Mobile communication has developed extensively in the past few decades in terms of the diversity of applications, data rates, and the heterogeneity of device types. This growth requires constant technological advances to meet the increasing quality of service and capacity demand. Increasing capacity is a very challenging task due to the scarcity of the available electromagnetic spectrum and the aggressive frequency reuse; i.e., the same frequencies are used concurrently by adjacent Base Stations (BSs). This creates interference between BSs and User Equipment devices (UEs) in adjacent cells, interference which is a major factor in limiting overall network throughput. Thus, different levels of coordination/cooperation among BSs, known as Coordinated Multi-point (CoMP) techniques, are a key to enhancing the network capacity and to keeping interference at an adequate level to ensure service availability.
In downlink CoMP, BSs coordinate transmission to mitigate interference to each other's terminals or work as one to become a single distributed BS which serves all the UEs in a range by applying joint precoding and decoding. Two types of cooperation are Coordinated Scheduling and Coordinated Beamforming (CS/CB) and Joint Processing (JP), which increases the number of degrees of freedom. These schemes require joint optimization of BSs' precoding matrices. In general they require distribution of Channel State Information (CSI); i.e., the interference channel between each BS and UE. To reduce complexity and CSI acquisition overhead. BSs may cooperate only within clusters and treat out-of-cluster interference (OCI) as noise.
UEs estimate direct and interference channels from each BS. They then quantize the estimated channels according to codebooks designed for this purpose and send the quantized estimates as feedback to the BSs.

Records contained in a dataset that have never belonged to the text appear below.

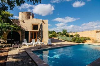 Disponible a partir de: Noviembre Este antiguo molino se encuentra en las afueras de Llucmajor. Los aprox. 300 metros cuadrados de espacio habitable se dividen en una casa principal y un piso de invitados. La parcela de 1.200 metros cuadrados está completamente vallada e incluye un jardín con árboles frutales y una piscina además de la casa. La casa principal consta de 2 dormitorios, 2 baños, uno de ellos en suite, cocina, despensa, una habitación adicional y el salón con chimenea. El apartamento de invitados tiene su propia entrada y consta de 2 dormitorios y un baño. Durante la renovación del molino, se renovó la torre y se conservó la antigua bodega.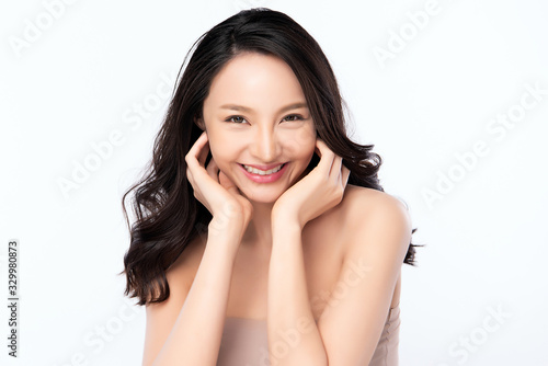 Beautiful Young Asian Woman with Clean Fresh Skin. Face care, Facial treatment, Cosmetology, beauty and healthy skin and cosmetic concept .woman beauty skin isolated on white background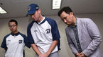 [OSEN=문학,박준형 기자] 4일 오후 문학구장에서 열리는 2014 한국야쿠르트 세븐 프로야구 SK 와이번스와 NC 다이노스의 경기에 앞서 NC 찰리와 배석현 단장이 사과의 인사를 전달하고 있다. 상벌위원회는 지난 3일(일) 문학 경기(NC:

Previous work on CSI feedback includes work on codebook design and bit allocation based on channel types (i.e., direct channel or interference channel), as well as work on optimizing other network parameters, such as bit rate. Such work includes Wild, “A rake-finger based efficient channel state information feedback compression scheme for the MIMO OFDM FDD downlink,” İ Vehicular Technology Conference (VTC 2010-Spring), 2010 IEEE 71st, May 2010, whose disclosure is incorporated herein by reference. Efficient CSI codebooks can exploit temporal correlation and/or allocate a different number of bits to direct-channel feedback and interference-channel feedback, while taking channel gain into account. A further approach has been to allocate feedback bits to maximize the sum-rate. Other methods combine quantization with precoding design while taking into account very little feedback, or determine suitable transmission rank and scheduling with limited feedback. Furthermore, the feedback overhead can be reduced by excluding users with low channel gains from feeding back their CSI. Another technique for precoding design without feedback or with very little feedback is to apply distributed iterative procedures, where in each iteration the BSs adjust their precoding matrices based on local measurements, such as the overall interference at each UE. In general, iterative schemes provide good performance in slow varying channels, but are less suitable for moderate/high Doppler spread. Despite the progress in reducing CSI feedback overhead, or compensating for limited feedback, this constraint is still a major factor in limiting CoMP performance, and is recognized as an important challenge in the development of 5G networks.
Methods for handling inter-cell interference are described in U.S. Pat. No. 7,912,014 to Molisch, et al., whose disclosure is incorporated herein by reference. Additional methods are described in Gesbert, et al., “Multi-Cell MIMO Cooperative Networks: A New Look at Interference” (IEEE Journal on Selected areas of Communications, Vol. 28, No. 9, December 2010), and in Kerret, et al., “Spatial CSIT allocation policies for network MIMO channels,” (IEEE Transactions on Information Theory, vol. 60, pp. 4158-4169, July 2014), whose disclosures are incorporated herein by reference. Formulas for interference channels are presented in Wu, et al., “Degrees of Freedom of the Interference Channel: a General Formula”, 2011 IEEE International Symposium on Information Theory Proceedings, 1344-1348, whose disclosure is incorporated herein by reference. Notation: Matrices and vectors are denoted by boldface symbols, where italicized boldface letters, e.g. x, denote column vectors; whereas non-italicized boldface letters, e.g. x, denote row vectors, and bold capital letters denote matrices. ( )T and ( )† denote the transpose and conjugate transpose operations, respectively. IN is the N×N identity matrix, Tr(·) (denotes the trace of a matrix and ∥·∥ denotes the Frobenius norm.
Notation: Matrices and vectors are denoted by boldface symbols, where italicized boldface letters, e.g. x, denote column vector; whereas non-italicized boldface letters, e.g. x, denote row vector, and bold capital letters denote matrices. The conjugate transpose of matrix or vector is denoted by ( )*, IN is the N×N identity matrix, tr(·) denotes the trace of a matrix and ∥·∥ denotes the Frobenius norm.